We recently had the pleasure of hosting 75 clients representing some of our biggest Custom Model Solutions relationships for a two-day investment forum in Nashville.

I got to enjoy “Music City” during CMA Fest, and the din of the stages and the energy in the city made for a lively backdrop for a session I hosted on the biggest client investment questions. We had polled clients before they arrived so that I didn’t have to face live fire completely unprepared in my session!

The results of that poll, and the flow of discussion on the day and around the event continue to resonate in the current environment – so I share them for you below.

The enduring power of diversification

Diversifiers were, by far, the most prominent topic in responses, with a significant 34% of clients highlighting their importance. ”Diversifiers” may include a range of assets – bonds, liquid alts, bitcoin, and private alts were all specifically called out – but the driver of concern remains the same.

To me, this isn't surprising as clients have been laser-focused on diversification in their portfolios particularly since 2022. But it helps to look at market performance this year.

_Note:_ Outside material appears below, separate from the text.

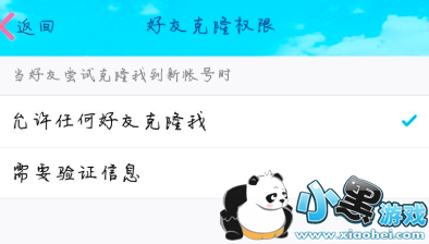 点击“允许任何好友克隆我”这一项,如此一来,好友克隆你时就不需要验证信息了。
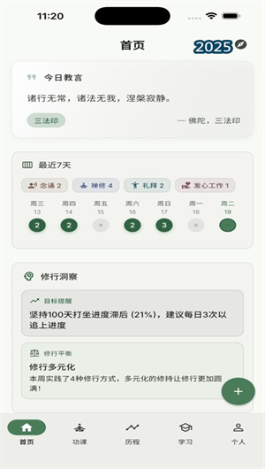 基于用戶行為數據(如卡片復習正確率、日記情感傾向、禪修堅持度),水滴自適應引擎會動態(tài)調整學習推薦策略。對于教言掌握度低的用戶,自動增加同主題卡片的曝光頻率;對于禪修中斷頻繁者,推送“微習慣”養(yǎng)成計劃(如每日5分鐘起步)。系統還集成協作過濾算法,匿名對比相似用戶群體的修行模式,提供優(yōu)化建議(如“85%的用戶在晨間念誦效率更高”),促進修行精進。

As we approach half time on 2025 – the S&P 500 has returned 6.2%, the Bloomberg Universal Bond Index has returned 4.1%, but a more globally diversified and actively managed 60/40 portfolio, represented by the BlackRock 60/40 Target Allocation Fund (BIGPX) has returned 7.4%. Investors have also benefitted from including additional “diversifiers” like bitcoin, gold, and liquid alternative in portfolios.

Simply put: diversification has worked. In today's dynamic environment, a well-diversified portfolio, incorporating a range of asset classes, remains crucial for navigating market fluctuations and achieving long-term goals.

Year-to-date returns (1/1/2025-6/30/2025)

Graph of returns for various asset classes and investments vs. 60/40 Target Allocation Fund

Source: BlackRock, Morningstar as of June 30, 2025. Index performance is for illustrative purposes only. Indexes are unmanaged and one cannot invest directly in an index. Performance data represents past performance and does not guarantee future results. Investment return and principal value will fluctuate with market conditions and may be lower or higher when you sell your shares. Current performance may differ from the performance shown. For most recent month-end performance and standardized performance, click here

The iShares Trusts are not investment companies registered under the Investment Company Act of 1940, and therefore are not subject to the same regulatory requirements as mutual funds or ETFs registered under the Investment Company Act of 1940. Investments in these products are speculative and involve a high degree of risk.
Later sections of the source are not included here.